So lets look at how it forms to see the effects uncertainty and Pauli exclusion can have. So imagine you have a large star.

Each layer of the star is supported by having more pressure from below than from above. That pressure could be from density and temperature from fusion of hydrogen. But when too much hydrogen is fused there won't be enough of that fusion to provide the temperature to provide the pressure. So the star might collapse and get denser until other elements can fuse.

But gravity isn't powered by just mass, it is also affected by energy and momentum and pressure and stress. So when you try to use pressure to support your collapse then the pressure itself is something that requires more pressure to fight.

This is the true reason for collapse, when the pressure isn't enough to keep it at its current size, it collapse. And Newtonian mechanics might make you think there is always some pressure that will work regardless of how small you get, but this isn't the case in General Relativity. Sometimes more pressure.

Degeneracy pressure might support a white dwarf or a neutron star if they aren't too large.

Trying to compress it further might require less space for matter, which might require more momentum and there might not be enough momentum, so that resistance to compression is the pressure. And the pressure makes the star more massive than it otherwise would be.

So it doesn't help when the star is already too massive.

But at this point the star has matter at all points.

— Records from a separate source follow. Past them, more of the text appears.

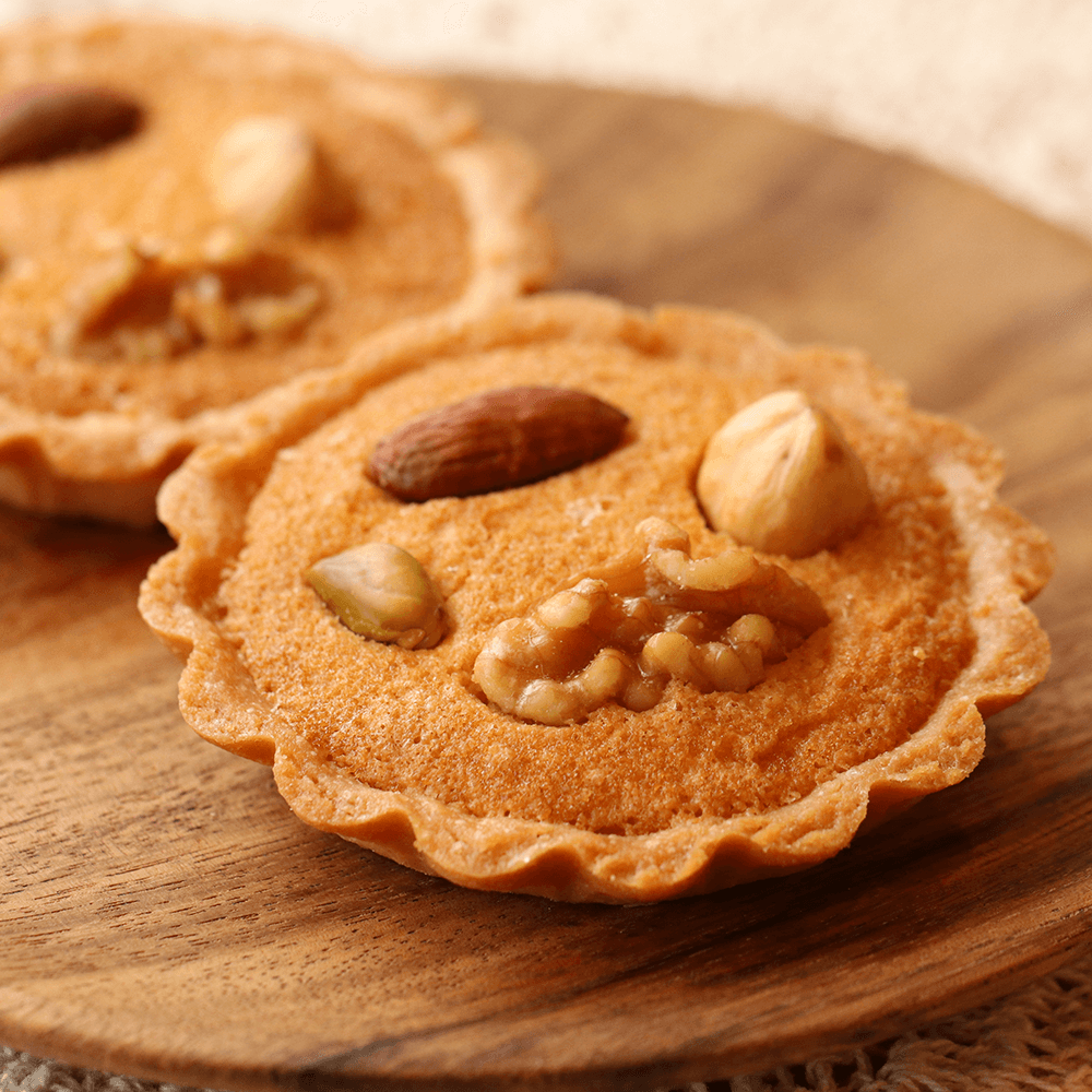 タルト生地は、発酵バターの豊かなコクと軽やかな食感が両立するように、研究に研究を重ねた独自の練り方で作り上げました。香ばしいタルト生地にコクのあるアーモンドクリームを流し込み、ピスタチオ、アーモンド、ヘーゼルナッツ、クルミをのせています。
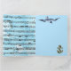 Diseño náutico Guay reelaborado a partir de la vintage con notas musicales, gaviota y ancla en colores azul verde azulado
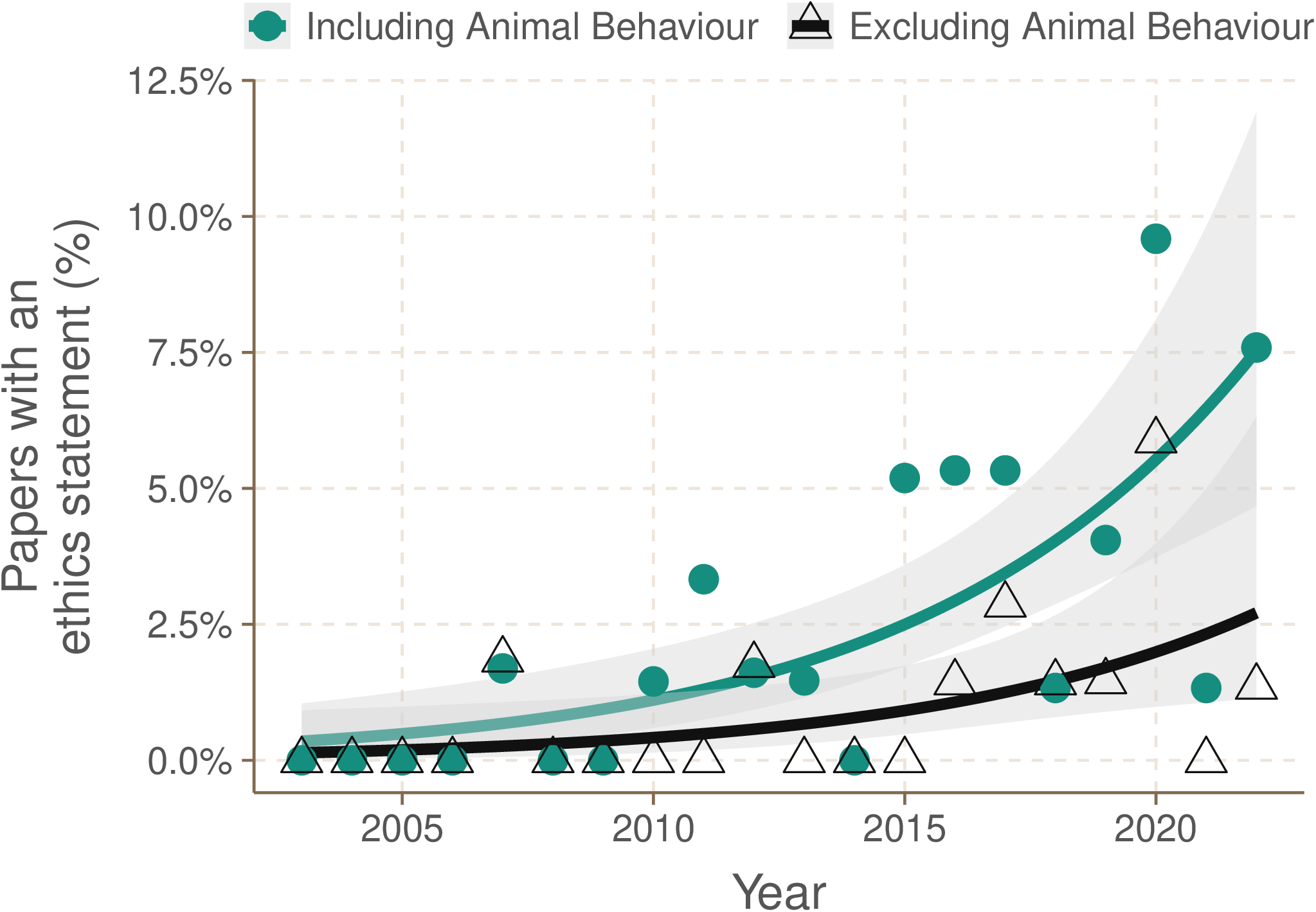 The increased trend of reporting on the ethical treatment of insects in Animal Behaviour is likely driven by editorial policy, which has included insects in the scope of welfare concern for the journal since 2004. The slow increase in ethics statements outside the journal in the rest of our sample indicates there may be some extremely gradual cultural shift in the field but that editorial policies play a larger role in shaping current reporting practices.
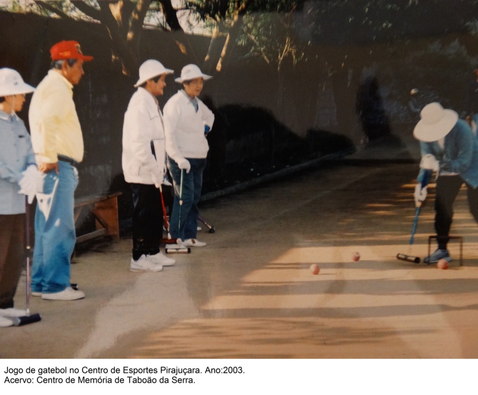 Em Taboão da Serra, o gatebol foi iniciativa da Sra. Chiyo Asanuma. É praticado por duas equipes com cinco integrantes cada. A meta é atingir um pino no centro do campo, fazendo a bola atravessar três Gates. Cada jogador tem a sua bola com o mesmo número do avental e deve lançá-la com um taco em forma de T. No Pirajuçara, o gatebol é coordenado pelo presidente Massaru Tori e o tesoureiro Shigueyuki Shibuya. Treinam diariamente das 7h às 11h e uma vez por mês participam de torneios regionais”. (1)
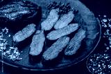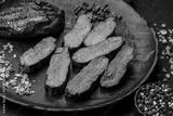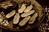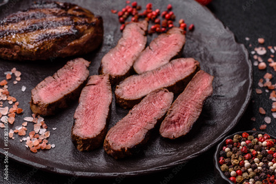 Grilled beef steak meat with salt and pepper. Beef steak grilled on a barbecue
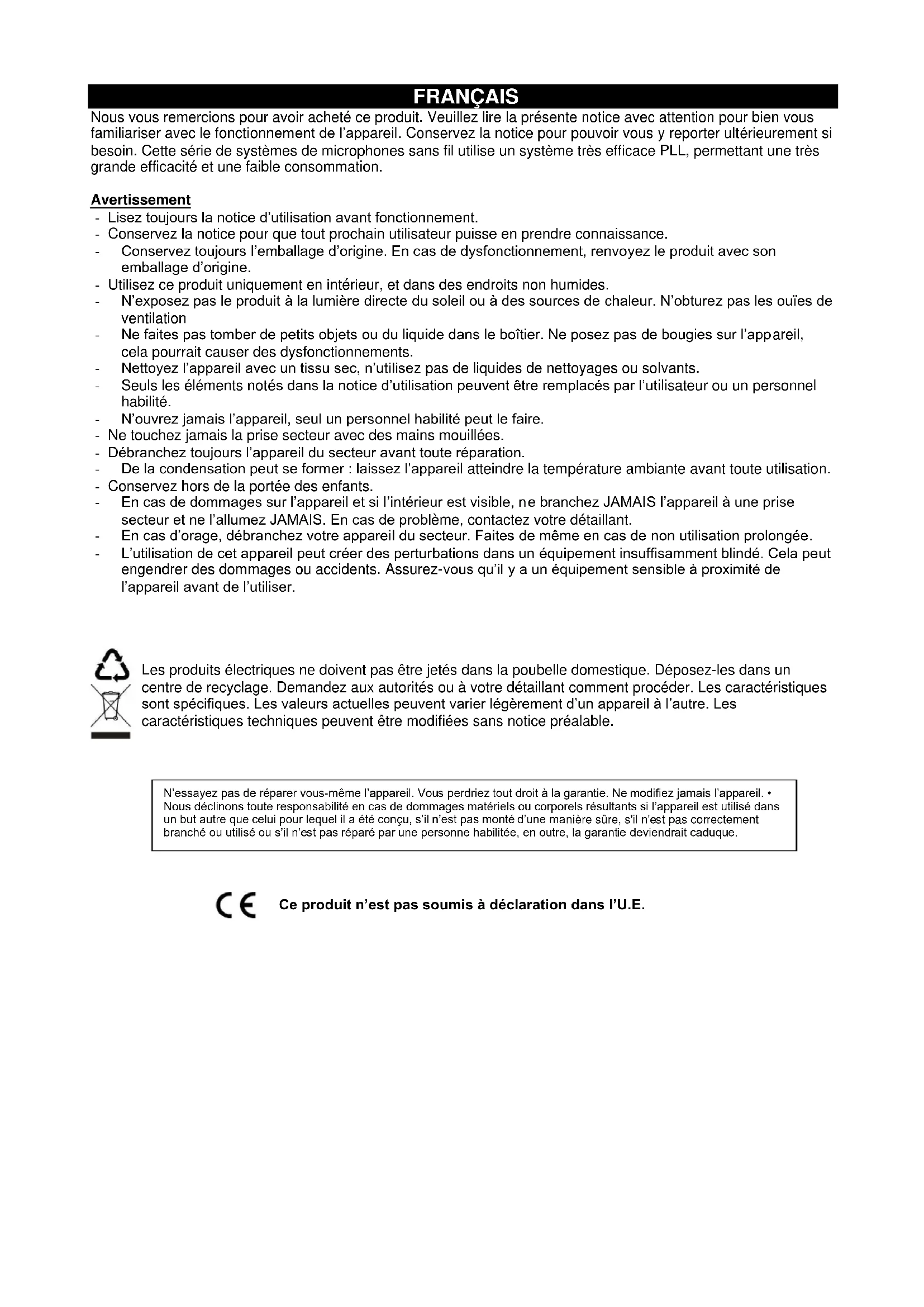 The specifications are typical. The actual values can slightly change from one unit to the other. Specifications can be changed without prior notice.SOLUCION DE PROBLEMAS PROBLEMA INDICADO SOLUCION Sin sonido Indicador de transmisor rojo, no parpadea Deslice interruptor POWER ON / OFF en la posición ON. Asegúrese de que la batería se ha insertado correctamente, la observación de la batería (+ / -). Si la batería se ha insertado correctamente, reemplace con baterías nuevas. Sin sonido Indicador de transmisor rojo, parpadea Deslice botón MUTE / ON en la posición ON. Sin sonido Indicador de POWER rojo, apagado Asegúrese de que el adaptador de CA esté conectado adecuadamente a una toma de corriente y al conector de entrada de CC. Sin sonido Indicadores de señal de las luces A / B del receptor brillan Suba el control de volumen del receptor. Confirme que las conexiones de salida desde el receptor al equipo externo son seguras. Sin sonido Luces de los indicadores de señal del receptor A / B apagadas. Luz de POWER del emisor y del receptor brillan intensamente. Confirme que coinciden las frequencias de los transmisores t receptors. Mueva el transmisor más cerca del receptor. Nivel de sonido es diferente al nivel de un instrumento cableado. Indicadores de señal de las luces A / B del receptor brillan. Ajuste el nivel de ganancia del transmisor para compensar. Ajuste el volumen del receptor según sea necesario. El nivel de distorsión aumenta gradualmente. Indicadores de señal del receptor A / B y luz de BATERIA BAJA del transmisor brillan. Reemplace la pila del transmisor Ráfagas de ruido de otras señales de radio audible presentes. Indicadores de señal A / B / luces encendidas. Identificar las posibles fuentes de interferencias (otras fuentes-RF) y apague, retire o utilice un sistema inalámbrico que opera en una frecuencia diferente. Pérdida momentánea del sonido cuando el emisor se mueve alrededor de la zona de ejecución. Indicador de señal del receptor A / B se apaga cuando se pierde el sonido Vuelva a colocar el receptor y pruebe el sistema de nuevo. Si las pérdidas de sonido persisten, marque los puntos "muertos" y evitelos durante la actuación.FRANÇAIS Nous vous remercions pour avoir acheté ce produit. Veuillez lire la présente notice avec attention pour bien vous familiariser avec le fonctionnement de l’appareil. Conservez la notice pour pouvoir vous y reporter ultérieurement si besoin. Cette série de systèmes de microphones sans fil utilise un système très efficace PLL, permettant une très grande efficacité et une faible consommation. Avertissement - Lisez toujours la notice d’utilisation avant fonctionnement. - Conservez la notice pour que tout prochain utilisateur puisse en prendre connaissance. - Conservez toujours l’emballage d’origine. En cas de dysfonctionnement, renvoyez le produit avec son emballage d’origine. - Utilisez ce produit uniquement en intérieur, et dans des endroits non humides. - N’exposez pas le produit à la lumière directe du soleil ou à des sources de chaleur. N’obturez pas les ouïes de ventilation - Ne faites pas tomber de petits objets ou du liquide dans le boîtier. Ne posez pas de bougies sur l’appareil, cela pourrait causer des dysfonctionnements. - Nettoyez l’appareil avec un tissu sec, n’utilisez pas de liquides de nettoyages ou solvants. - Seuls les éléments notés dans la notice d’utilisation peuvent être remplacés par l’utilisateur ou un personnel habilité. - N’ouvrez jamais l’appareil, seul un personnel habilité peut le faire. - Ne touchez jamais la prise secteur avec des mains mouillées. - Débranchez toujours l’appareil du secteur avant toute réparation. - De la condensation peut se former : laissez l’appareil atteindre la température ambiante avant toute utilisation. - Conservez hors de la portée des enfants. - En cas de dommages sur l’appareil et si l’intérieur est visible, ne branchez JAMAIS l’appareil à une prise secteur et ne l’allumez JAMAIS. En cas de problème, contactez votre détaillant. - En cas d’orage, débranchez votre appareil du secteur. Faites de même en cas de non utilisation prolongée. - L’utilisation de cet appareil peut créer des perturbations dans un équipement insuffisamment blindé. Cela peut engendrer des dommages ou accidents. Assurez-vous qu’il y a un équipement sensible à proximité de l’appareil avant de l’utiliser.
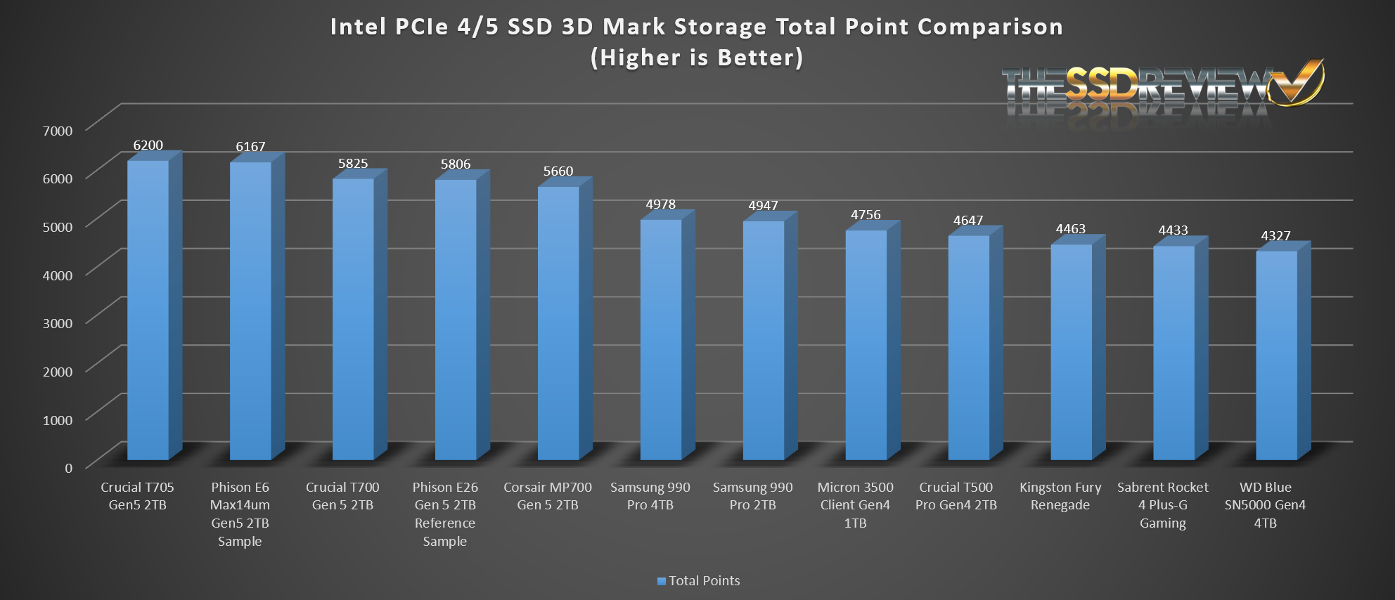 The WD Blue SN5000 once again placed 12th in all SSDs tested in 3DMark to date.
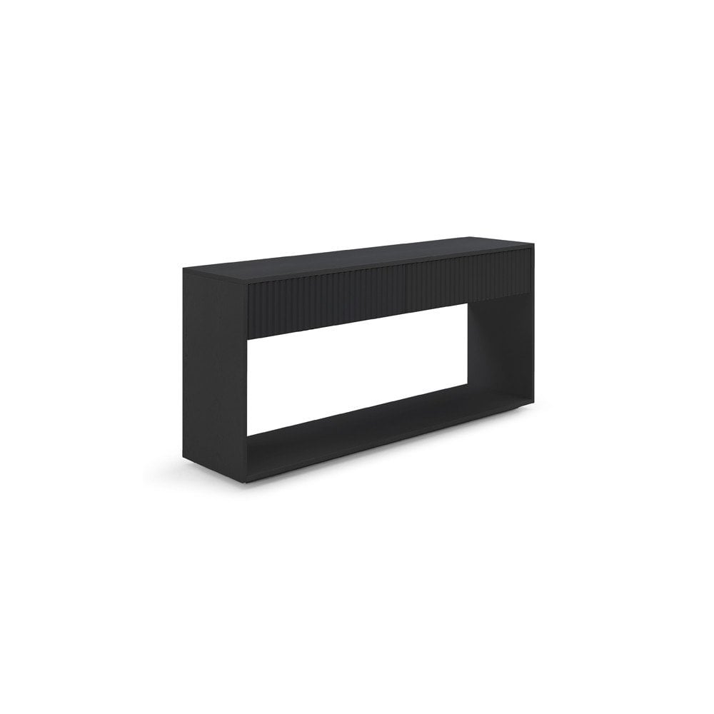 The contrast of the black lacquer finish on the drawers against the black oak veneer base and top creates a sophisticated aesthetic that exudes timeless class. With its sleek design, the Costine Console Table stands as a statement piece that effortlessly combines form and function for those who appreciate the finer details of interior decor.

Some matter in the center. Some matter on the outside and some matter in the layers in between. Each layer feeling some pressure. And when the pressure from below a layer is larger than the pressure from above that layer then that layer won't free fall towards the center.

There is no part with zero size, and there is no event horizon or singularity, its just a dense star. But what happens if it collapses more? What if the compression of the layers doesn't give pressure that can stop the compression?

Well, then it will compress. But how quickly? Well, free fall minus however much the pressure is slowing down the collapse (there still is some pressure, just not enough to stop the collapse).

Super. If it has to compress then it must just get smaller and smaller, right? Well, yes. But what does someone on the outside see about how quickly it gets smaller?

When a spherical shell of matter collapses the type of curvature on the outside and the inside stay the same. For instance it could be Schwarzschild of parameter $M$ on the outside and Schwarzschild of parameter $m$ on the inside, with $M\gt m.$ But these are curved spacetimes so there is time dilation for each section. And time dilation is relative.

So the time dilation of the $m$ side matches up with the time dilation of the $M$ side. But the $M$ side has more time dilation compared to the outside the deeper you go and so when the shell collapsed downwards there was more of that spacetime deeper. So you end up with greater curvature there than used to be and more time dilation.

So you, someone outside, see the images of the collapsed layer move slower and look redder the deeper it goes. And you see that for each layer. But the images you see are always from before any event horizon forms.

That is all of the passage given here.